The thesis begins by examining the stochastic nonlinear Schrödinger equation with white noise dispersion (SNLSE), see Paper 1. The investigation probes the performance of different numerical integrators for this equation, focusing on their convergences, L²-norm preservation, and computational efficiency. Further, this thesis thoroughly investigates a conjecture on the critical exponent of the SNLSE, related to a phenomenon known as blowup, through numerical means. 

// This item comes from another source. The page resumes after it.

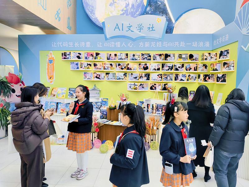 当日一走进校园,AI赋能校园的活力扑面而来,“AI创客集市”热闹非凡,校园小创客们变身“小老板”,在摊位上热情售卖亲手制作的AI创意产品,从手工文创、环保小发明到3D打印饰品、编程玩具等琳琅满目,来宾们持“龙娃方新币”支持孩子们的创业梦想。AI智能体研发展示区,“小新”系列教学智能体同步开放体验,大家近距离感受了科技赋能教育的鲜活魅力。“AI+课程”特色成果展、“AI文学社”等让大家切实触摸到教育创新的温度与力量。学校操场上,一场别开生面的特色课间操活动展示也充分彰显了方新小学教育集团“八好少年”的蓬勃风采,体现了学校在落实“立德树人 五育并举”教育理念探索中的新实践。

The thesis then introduces and studies exponential integrators for the stochastic Manakov equation (SME) by presenting two new time integrators - the explicit and symmetric exponential integrators - and analyzing their convergence properties, see Paper 2. Notably, this study highlights the flexibility and efficiency of these integrators compared to traditional schemes. The narrative then turns to the Lie-Trotter splitting integrator for the SME, see Paper 3, comparing its performance to existing time integrators. Theoretical proofs for convergence in various senses, alongside extensive numerical experiments, shed light on the efficacy of the proposed numerical scheme. The thesis also deep dives into the critical exponents of the SME, proposing a conjecture regarding blowup conditions for this SPDE.

Lastly, the focus shifts to the stochastic generalized Benjamin-Bona-Mahony equation, see Paper 4. The study introduces and numerically assesses four novel exponential integrators for this equation. A primary finding here is the superior performance of the symmetric exponential integrator. This thesis also offers a succinct and novel method to depict the order of convergence in probability.